Segment Start: Source material

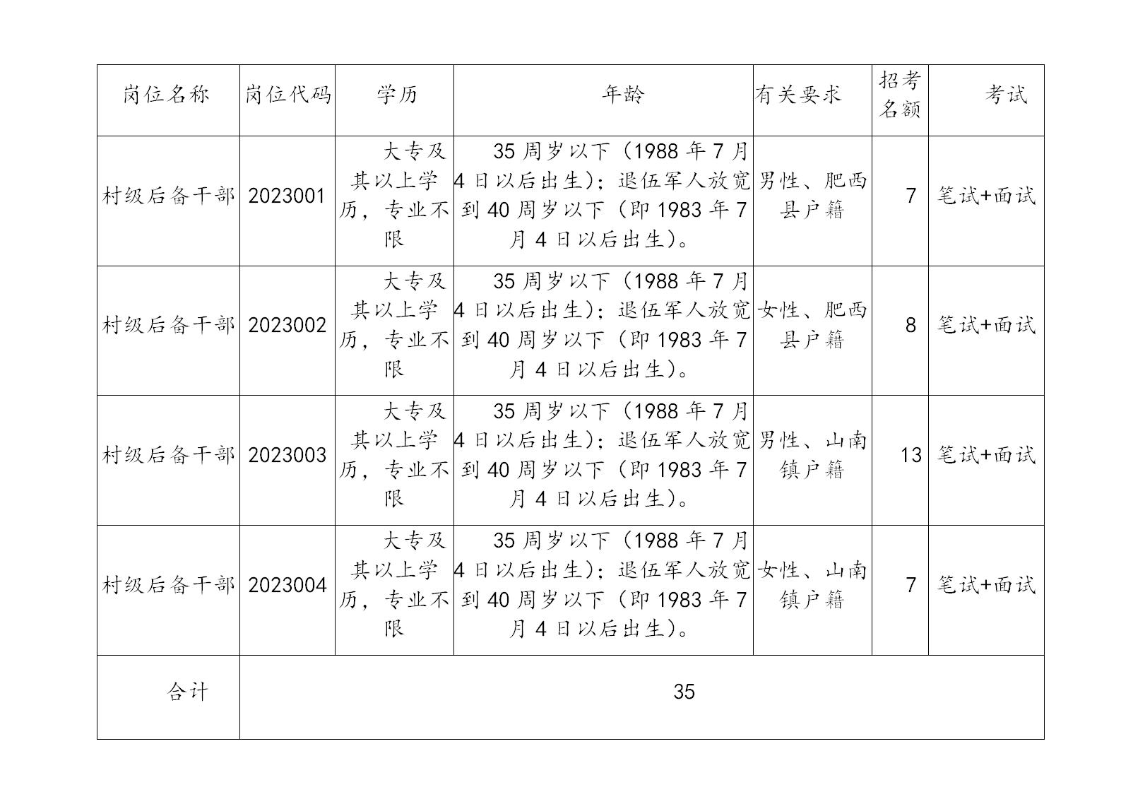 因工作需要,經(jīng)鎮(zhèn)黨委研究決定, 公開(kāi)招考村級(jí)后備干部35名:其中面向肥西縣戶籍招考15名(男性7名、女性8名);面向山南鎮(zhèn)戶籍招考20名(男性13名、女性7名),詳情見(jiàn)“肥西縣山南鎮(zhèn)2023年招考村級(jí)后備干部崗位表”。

Segment End: Source material
Segment Start: Source material

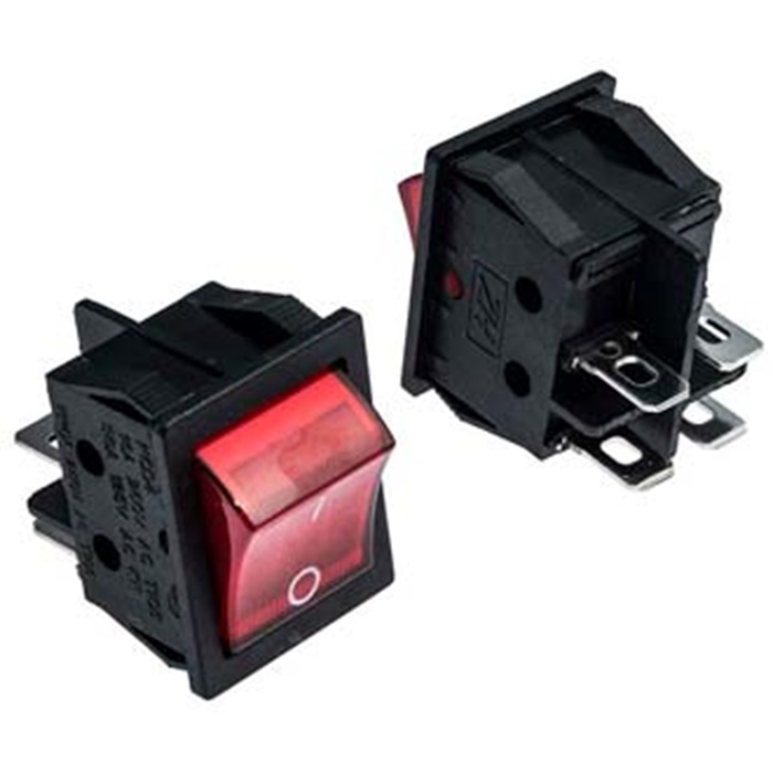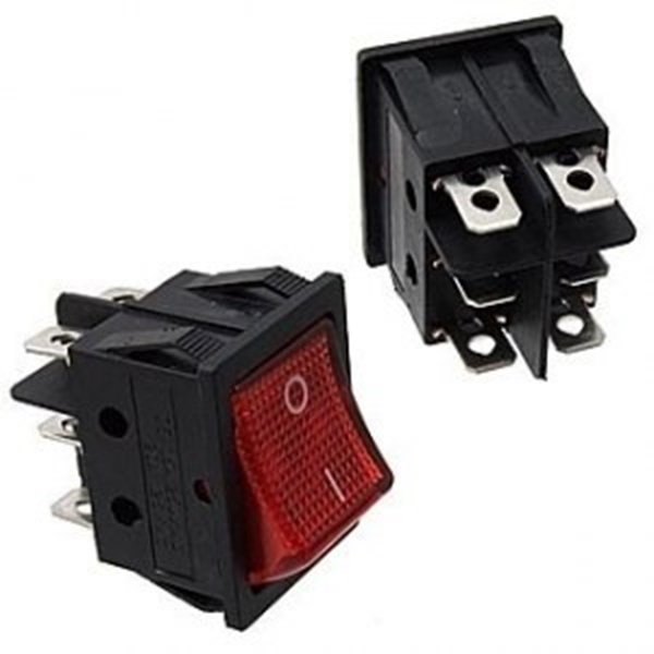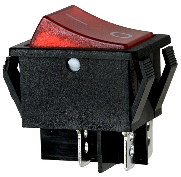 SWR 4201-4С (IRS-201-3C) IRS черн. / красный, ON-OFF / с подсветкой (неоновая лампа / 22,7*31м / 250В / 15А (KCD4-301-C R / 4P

Segment End: Source material
Segment Start: Source material

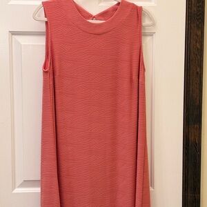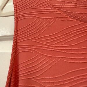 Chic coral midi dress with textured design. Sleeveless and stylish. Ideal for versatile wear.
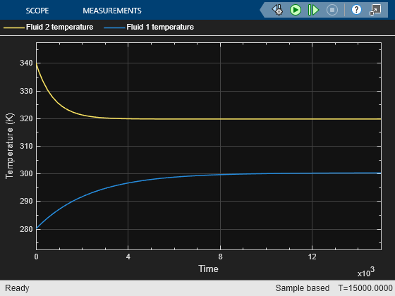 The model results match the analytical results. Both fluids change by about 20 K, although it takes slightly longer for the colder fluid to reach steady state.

Segment End: Source material

> [Work request] Print, word for word, the lines above that run from the line containing "Chic coral midi" to the line containing "The model results", both included. Keep the pictures out.

> [Output of the exercise]
 Chic coral midi dress with textured design. Sleeveless and stylish. Ideal for versatile wear.
 The model results match the analytical results. Both fluids change by about 20 K, although it takes slightly longer for the colder fluid to reach steady state.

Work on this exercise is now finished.